Here's a good start. http://www.bodensatz.com/staticpages/index.php?page=Soda-Kegs

George


----------



## Baloo (Feb 28, 2006)

Stay away from pin lock kegs. They are the "betamax" of homebrew kegs. Go for a ball lock keg. If you get a used keg make sure to replace the o-rings. Most ball lock keg posts require a 13/16' deep-well 12 point socket (7/8 will work too). There are some ball lock kegs that take a smaller socket, but the smaller ones are easily removed with a crescent wrench. There is not much to a keg, but just make sure you put the posts back on the same side and with the same tube (there is a long one and a short one) There is an o-ring under each post, around each post, and one lid gasket; that's it. I have rebuilt many kegs for my job at Austin Homebrew. We sell rebuilt kegs for $39.99 that have had the o-rings replaced and are clean (not sanitized of course). Kegging is one of the greatest upgrades a homebrewer can make. It makes everything sooo much easier. Growlers will allow you to take your keg beer over to friends houses. More on this later...


----------



## Ben Brewcat (Oct 27, 2004)

Again I'm in agreement with Baloo. You'll never look back. NCJHB has a complete section on homebrew kegging, and it's a book every homebrewer should have anyways. The difference between pinlock and ball-lock is availability, ease of use, and to some extent durability (all in ball-lock's favor). Functionally they are the same. I think the 5-lb CO2 bottles are great for most homebrewers, small enough to be portable and they have enough gas even to force-carbonate a good few batches plus dispensing them. If you end up drafting tons of beer and upgrade to a 20 pounder, keep the 5 for travelling and to use while you're waiting for a convenient time to refill the 20.

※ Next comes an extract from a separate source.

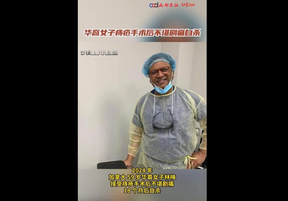 加拿大 59 岁华裔女子林梅做痔疮手术后,遭 18 个月剧痛折磨后自杀。 涉事医生马哈拉杰还背着多起官司,被曝常未经患者同意就做手术,像 “拿病人身体做实验”。 已有 12 名患者投诉他,而监管机构 CPSO 早有调查结论,却没及时处理,此前有人投诉也没人管。 这事儿太让人心痛又气愤了! 医生本该救死扶伤,马哈拉杰却把患者当试验品,不经同意就做手术,还让林梅受了一年半剧痛最后自杀,简直没医德。 更可气的是监管机构 CPSO,明明早知道医生有问题,却不及时制止,有人投诉也不管,妥妥的失职。 痔疮手术本身就容易疼,遇到这种不负责任的医生,痛苦更是翻倍。 医疗不是小事,医生得守规矩,尊重患者的知情权,监管部门更得把好关,发现问题及时处理,别等出了人命才补救。 希望这次能严惩涉事医生和失职的监管方,给逝者和其他患者一个交代,也给所有医生和监管机构敲个警钟。

You'll LOVE kegging. Sanitize one keg instead of 50 bottles. Force-carbonate to your exact carbonation preference for that beer. Oh and did I mention BEER ON TAP . 

The one thing I'll say though is to take the time to disassemble the keg when cleaning and sanitizing, including the in and out posts. It really is easy especially with a deep socket. Also have a couple replacement gasket sets (lid o-ring, post o-rings, dip tube o-rings) and maybe even a poppet. That way you'll never be tempted to leave one on there that really should be replaced. 

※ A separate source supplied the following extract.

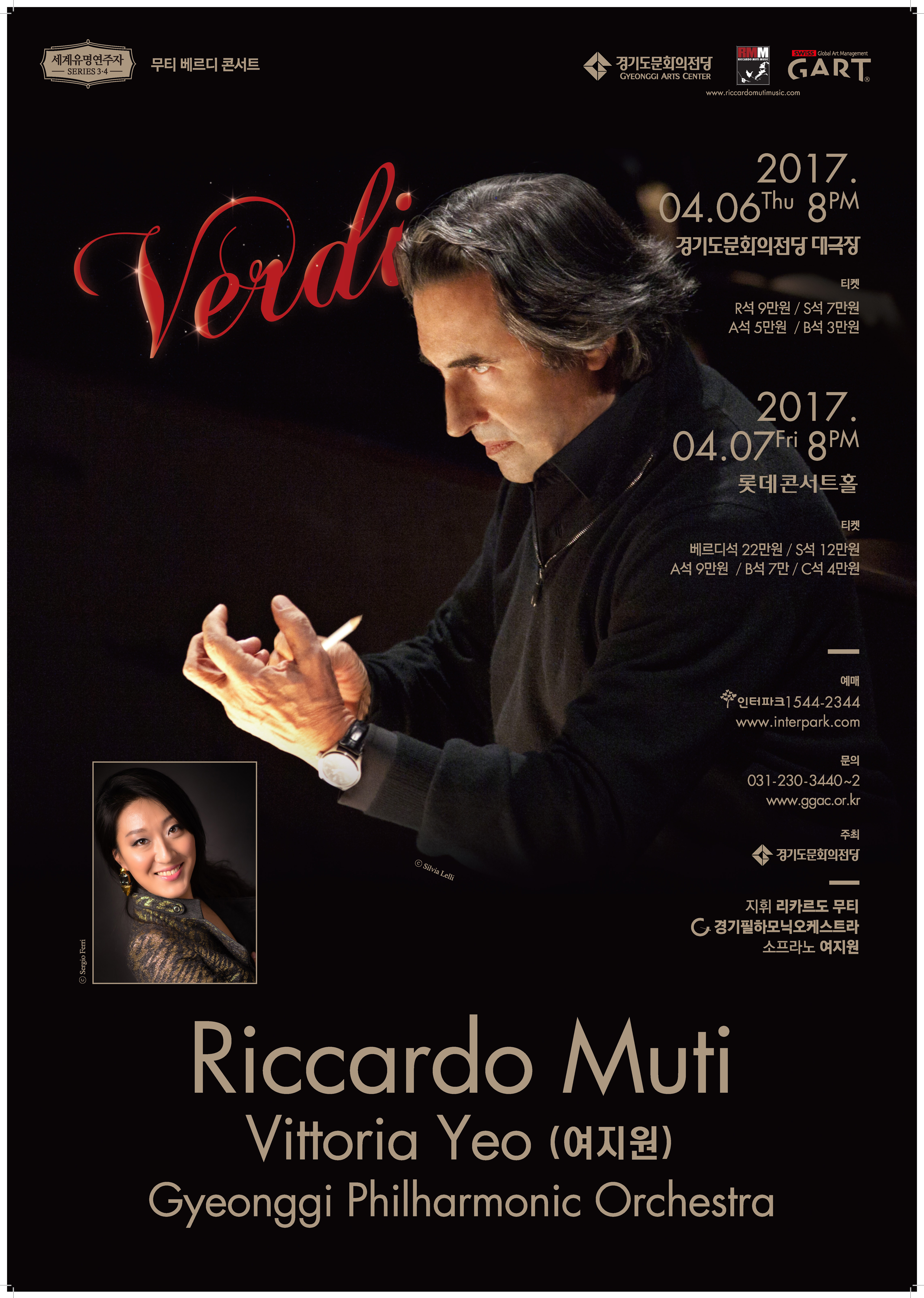 - 경기도문화의전당(사장 정재훈)이 세계유명연주자 시리즈 두 번째 무대로‘무티 베르디 콘서트’를 4월 6일(목) 오후 8시 경기도문화의전당 대극장과 7일(금) 오후 8시 롯데콘서트홀에 올린다. 이름만 들어도 콘서트 고어들을 설레게 하는 세계적 거장‘리카르도 무티’. 그가 자신의 주요 레퍼토리인 베르디 음악을 들고 관객과 만난다. 우리나라‘베르디 오페라’ 역사상 놓칠 수 없는 순간으로 기록 될 이번 콘서트에 많은 이들의 이목이 일찌감치 집중됐다.

And I can't stress this one enough: *If you buy multiple kegs, keep the lids, poppets, posts, etc. with the keg they came from! *There are a lot of kegs out there, and even the same part from another Spartanburg II or whatever may not work perfectly on a similar keg. They'll leak as often as not (meaning either empty keg and full floor in the morning or empty CO2 tank). I use a set of plastic beer cups (naturally) from our local festivals. They sit into the keg's opening but don't fall in due to their size at the top. When sanitizing or cleaning multiple kegs, put the parts from a keg into a cup, pour in sanitizer, and put the cup into the keg opening and the lid rests on top of that. 

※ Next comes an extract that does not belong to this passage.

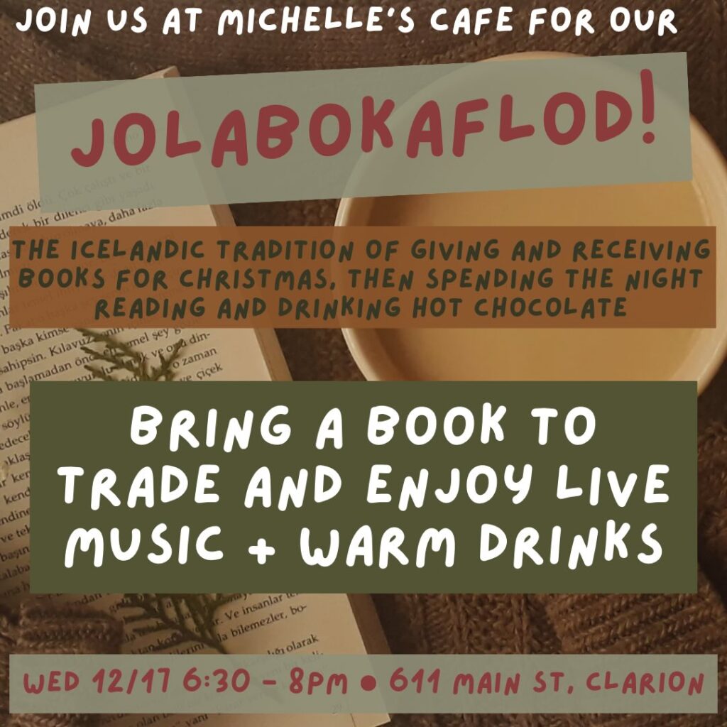 We are stoked be hosting our second Jolabokaflod celebration at Michelle’s Cafe this year!

And lastly if you're using bleach to sanitize it's time to upgrade to Star San, at least for the kegs.


----------



## GaSteve (Apr 28, 2004)

Thanks for the great info. Force carbonation sounds great especially if it means less sediment. I can't wait to get started. A couple more questions.

I've read where you can fill your CO2 bottles at a welding supply house. Given all gas is allowed some contaminants, do I need to look for a "food grade" CO2? Can I just pick up a CO2 tank and a regulator downtown like I would a tank of acetylene?

I currently use the Iodine sanitizer -- Iodophor I think it's called. Is Star San better?

Do most folks run the gas line through the fridge or just charge it when the flow is weak?


----------



## Ben Brewcat (Oct 27, 2004)

Just regular ole CO2. Typically you actually exchange tanks rather than refill them, can be a heartbreaker for folks who just bought this shiny new CO2 tank . 

Iodophor is phine. I've never been quite comfortable with the no-rinse thing with iodone, though I know it's not significant. But it can have this bloodlike flavor. It's effective though and won't eat stainless like bleach. I just happen to be personally partial to Star San for no flavor, drinkable, no rinse, and very environmentally friendly. Stuff's miraculous. 

You can charge up when needed or keep on live pressure, doesn't matter. Technically the carbonation level will fluctuate a bit with the on-and-off, but not enough you'd ever really notice. If you want it more carbonated, turn up the PSI and shake the keg a couple times, voila. Not having live pressure on also helps a lot if you do develop a leak .


----------